**Task statement**
Each record that follows goes into your reply unchanged; the pictures do not.

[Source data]
::::
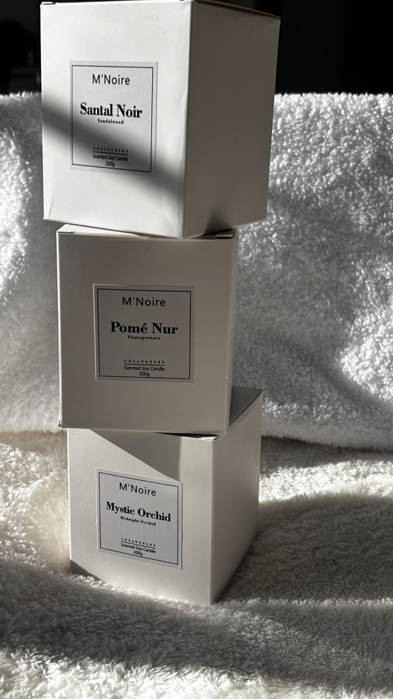 M’Noire Bundle: Three scents, one experience. Our woodwick candle trio ✨ Orchid • Pomegranate • and Sandalwood, designed to elevate every mood and moment. Let the soft crackle and layered aromas fill your space with elegance and warmth.
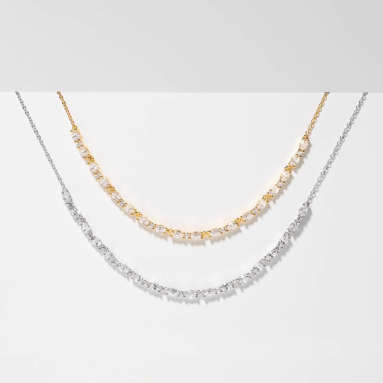 Collier gemaakt van 18 karaats verguld 925 sterling zilver, gepolijst oppervlak met facetgeslepen witte zirkonia's.
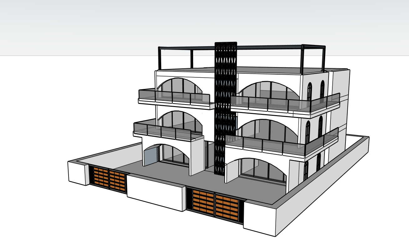 use the sketchup screenshot as a loose reference for general scale and footprint but reimagine the building as a luxurious 3 floor apartment complex in djibouti elevate the massing with elegant volumetric shifts terraces and refined proportions design the facade using high end materials like natural stone travertine smooth stucco and bronze or black metal accents feature large floor to ceiling windows shaded private balconies vertical fins or louvers for sun control and lush rooftop or terrace greenery the balconies have glass railings as well as shadded louvers on the arched openings that are on the top two floors make those louvers visible and uniform on all of the balconies highlight landscaped entrance areas ambient pathway lighting and modern exterior furniture the environment should include palm trees tropical plants and clean urban pavement realistic midday lighting with sharp shadows soft reflections on glass and a warm elegant ambiance ultra detailed cinematic realism with high fidelity and rich architectural textures set the scene on afternoon with sharp shadows adding light fixtures to the building enhancing material richness the surrounding context should show neighboring houses in close proximity reflecting typical djiboutian architecture flat roofs textured facades and small scale local character include tropical landscaping palm trees climbing plants and stone paving for a lush high end feel realistic photo grade render with cinematic atmosphere and no visible post processing artifacts
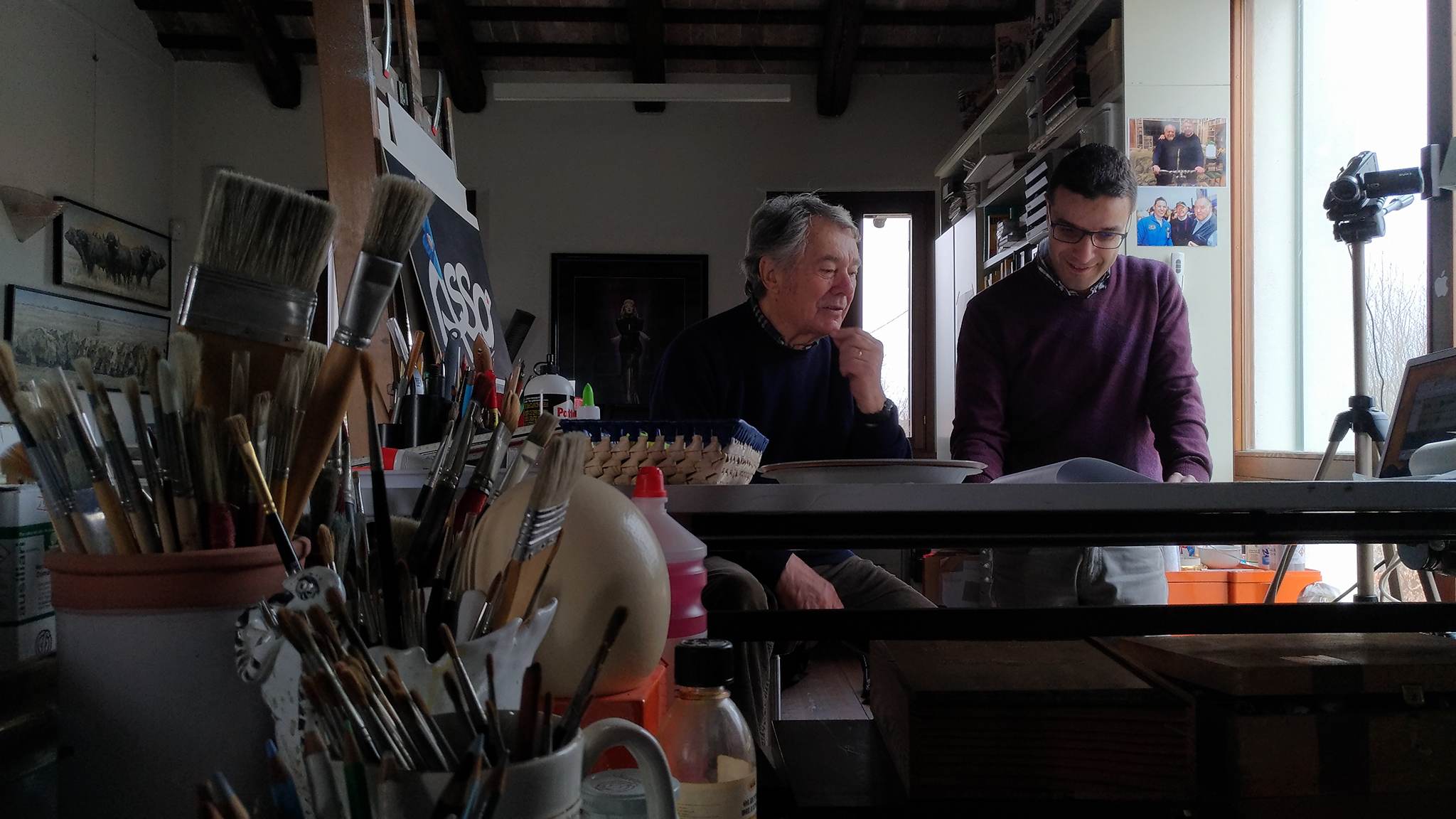 L'accoglienza di Casaro ci fa sentire a casa con un caffè e una chiacchierata di benvenuto, anche se le pareti adornate dai suoi dipinti ci fanno ricordare la realtà unica al mondo nella quale stiamo accedendo.
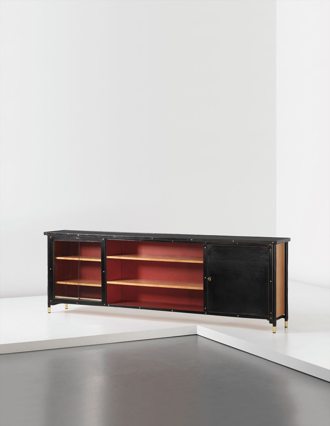 Leather-covered wood, leather-covered tubular metal, leather, painted wood, brass, glass.
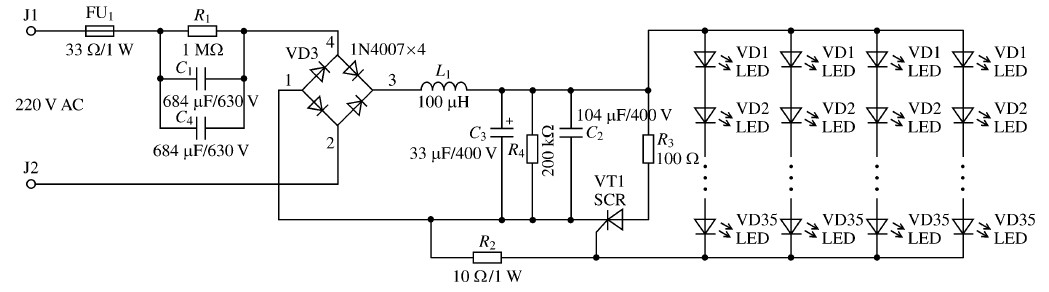 該電路共驅(qū)動140只白光LED (小功率) ,采用35串4并的模式,采用電容降壓式驅(qū)動方式。其中, C1、C4 為并聯(lián)的兩個相同的電容,起降壓及限流作用; 4個1N4007組成的整流橋?qū)斎虢涣麟妷哼M(jìn)行整流;濾波電容C3 用于濾除整流輸出電壓中的交流成分,使電壓更為平滑; L1、C2 用于濾除輸出電壓中的高頻成分;電阻R4 為C3 提供放電回路;采用單向晶閘管SCR729210對電路進(jìn)行保護(hù), R3 為限流電阻。
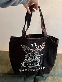 Borsa a spalla in tessuto color nero, originale Levis, senza zip, con tasca interna, dimensioni: fondo cm. 30x14, altezza cm. 35, manico cm. 50. Usata ma tenuta molto bene.
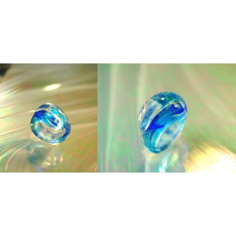 ブルー系をマーブルデザインにした、素敵なリングです。トップ部分で重なっているようなデザインです。優しいゴールドのラメが輝き、暗いところでは光を吸収する度にターコイスブルーにホタルのような神秘的な光を放つ蓄光加工を施しています。
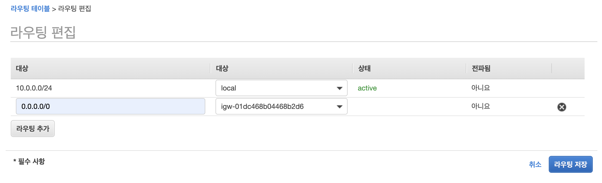 0.0.0.0/0을 추가하고 생성한 인터넷게이트웨이를 연결합니다. 0.0.0.0/0은 전체를 뜻합니다.
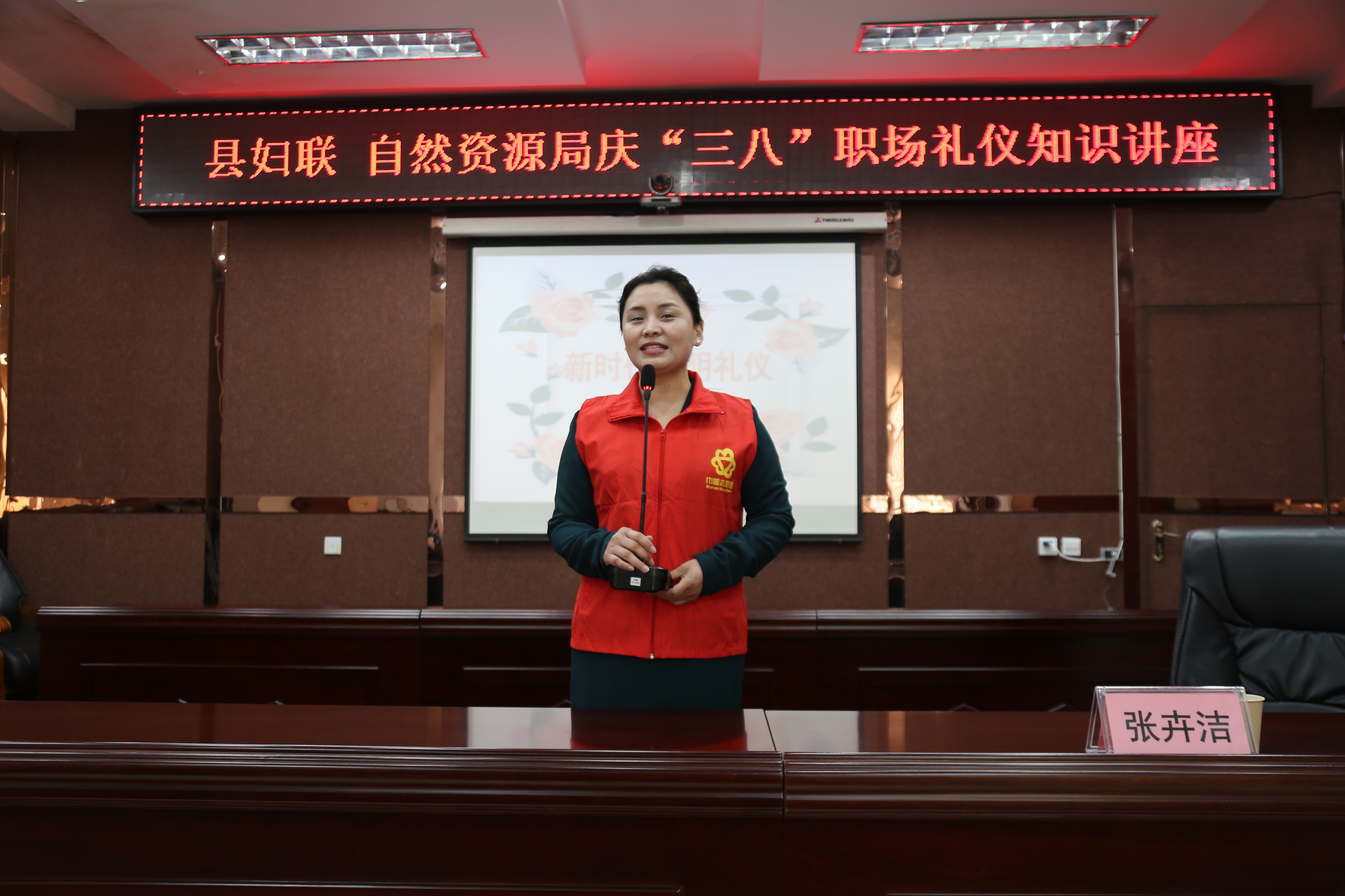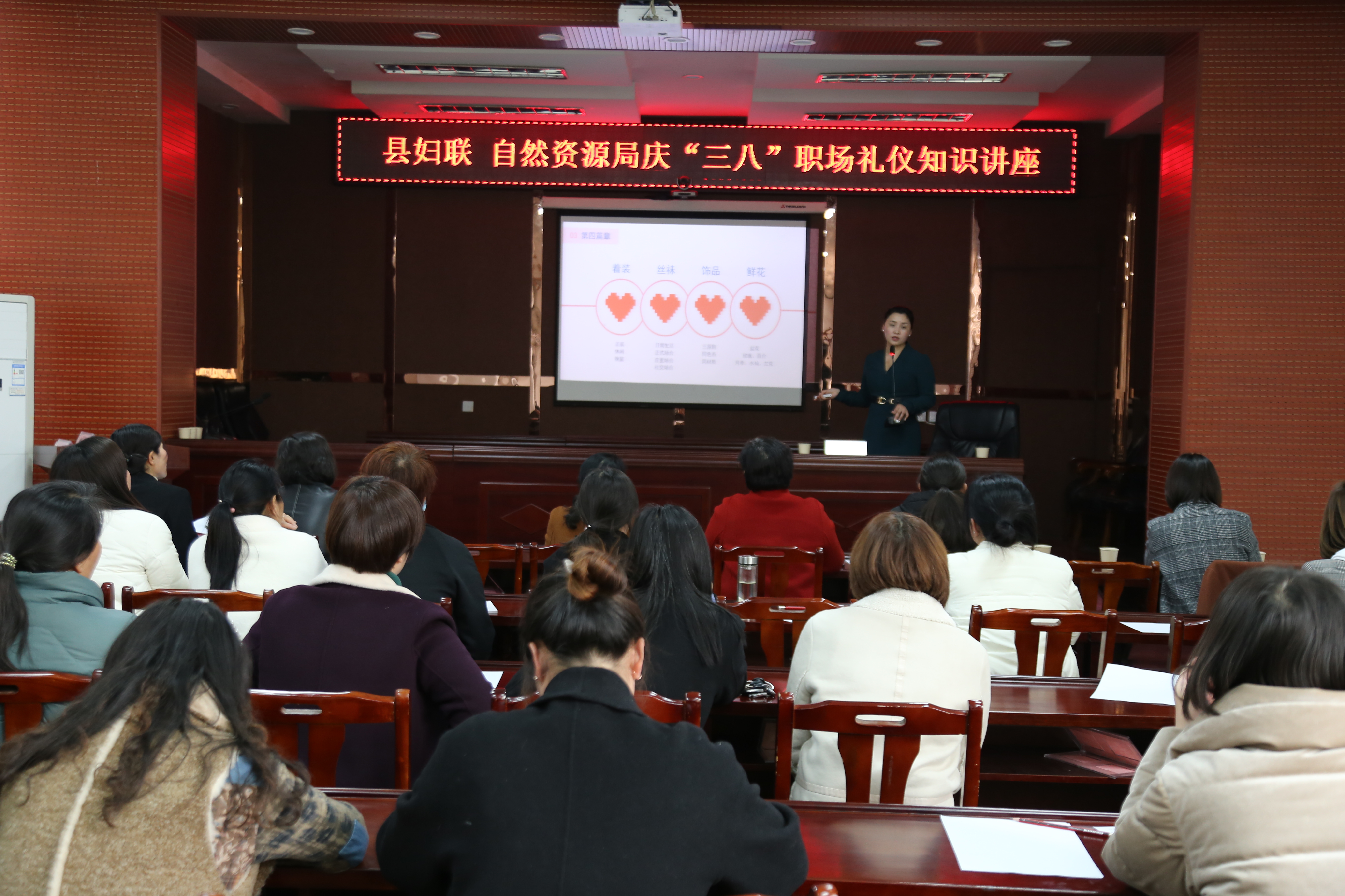 在“三八”節(jié)來臨之際,為自然資源系統(tǒng)女干部“知禮儀、守禮節(jié)”,進(jìn)一步豐富職場(chǎng)禮儀知識(shí),提升處理公共關(guān)系的技能,更好地服務(wù)大局、服務(wù)自然資源發(fā)展,3月5日,鄲城縣自然資源局舉辦慶“三八”職場(chǎng)禮儀知識(shí)講座,邀請(qǐng)中國(guó)青年創(chuàng)業(yè)導(dǎo)師、河南省先鋒國(guó)學(xué)文化研究院副院長(zhǎng)張卉潔講授禮儀知識(shí),自然資源局班子成員和局直各單位的100余名女干部職工參加,縣婦聯(lián)副主席趙彩花出席講座。
::::
**Task solution**
 M’Noire Bundle: Three scents, one experience. Our woodwick candle trio ✨ Orchid • Pomegranate • and Sandalwood, designed to elevate every mood and moment. Let the soft crackle and layered aromas fill your space with elegance and warmth.
 Collier gemaakt van 18 karaats verguld 925 sterling zilver, gepolijst oppervlak met facetgeslepen witte zirkonia's.
 use the sketchup screenshot as a loose reference for general scale and footprint but reimagine the building as a luxurious 3 floor apartment complex in djibouti elevate the massing with elegant volumetric shifts terraces and refined proportions design the facade using high end materials like natural stone travertine smooth stucco and bronze or black metal accents feature large floor to ceiling windows shaded private balconies vertical fins or louvers for sun control and lush rooftop or terrace greenery the balconies have glass railings as well as shadded louvers on the arched openings that are on the top two floors make those louvers visible and uniform on all of the balconies highlight landscaped entrance areas ambient pathway lighting and modern exterior furniture the environment should include palm trees tropical plants and clean urban pavement realistic midday lighting with sharp shadows soft reflections on glass and a warm elegant ambiance ultra detailed cinematic realism with high fidelity and rich architectural textures set the scene on afternoon with sharp shadows adding light fixtures to the building enhancing material richness the surrounding context should show neighboring houses in close proximity reflecting typical djiboutian architecture flat roofs textured facades and small scale local character include tropical landscaping palm trees climbing plants and stone paving for a lush high end feel realistic photo grade render with cinematic atmosphere and no visible post processing artifacts
 L'accoglienza di Casaro ci fa sentire a casa con un caffè e una chiacchierata di benvenuto, anche se le pareti adornate dai suoi dipinti ci fanno ricordare la realtà unica al mondo nella quale stiamo accedendo.
 Leather-covered wood, leather-covered tubular metal, leather, painted wood, brass, glass.
 該電路共驅(qū)動140只白光LED (小功率) ,采用35串4并的模式,采用電容降壓式驅(qū)動方式。其中, C1、C4 為并聯(lián)的兩個相同的電容,起降壓及限流作用; 4個1N4007組成的整流橋?qū)斎虢涣麟妷哼M(jìn)行整流;濾波電容C3 用于濾除整流輸出電壓中的交流成分,使電壓更為平滑; L1、C2 用于濾除輸出電壓中的高頻成分;電阻R4 為C3 提供放電回路;采用單向晶閘管SCR729210對電路進(jìn)行保護(hù), R3 為限流電阻。
 Borsa a spalla in tessuto color nero, originale Levis, senza zip, con tasca interna, dimensioni: fondo cm. 30x14, altezza cm. 35, manico cm. 50. Usata ma tenuta molto bene.
 ブルー系をマーブルデザインにした、素敵なリングです。トップ部分で重なっているようなデザインです。優しいゴールドのラメが輝き、暗いところでは光を吸収する度にターコイスブルーにホタルのような神秘的な光を放つ蓄光加工を施しています。
 0.0.0.0/0을 추가하고 생성한 인터넷게이트웨이를 연결합니다. 0.0.0.0/0은 전체를 뜻합니다.
 在“三八”節(jié)來臨之際,為自然資源系統(tǒng)女干部“知禮儀、守禮節(jié)”,進(jìn)一步豐富職場(chǎng)禮儀知識(shí),提升處理公共關(guān)系的技能,更好地服務(wù)大局、服務(wù)自然資源發(fā)展,3月5日,鄲城縣自然資源局舉辦慶“三八”職場(chǎng)禮儀知識(shí)講座,邀請(qǐng)中國(guó)青年創(chuàng)業(yè)導(dǎo)師、河南省先鋒國(guó)學(xué)文化研究院副院長(zhǎng)張卉潔講授禮儀知識(shí),自然資源局班子成員和局直各單位的100余名女干部職工參加,縣婦聯(lián)副主席趙彩花出席講座。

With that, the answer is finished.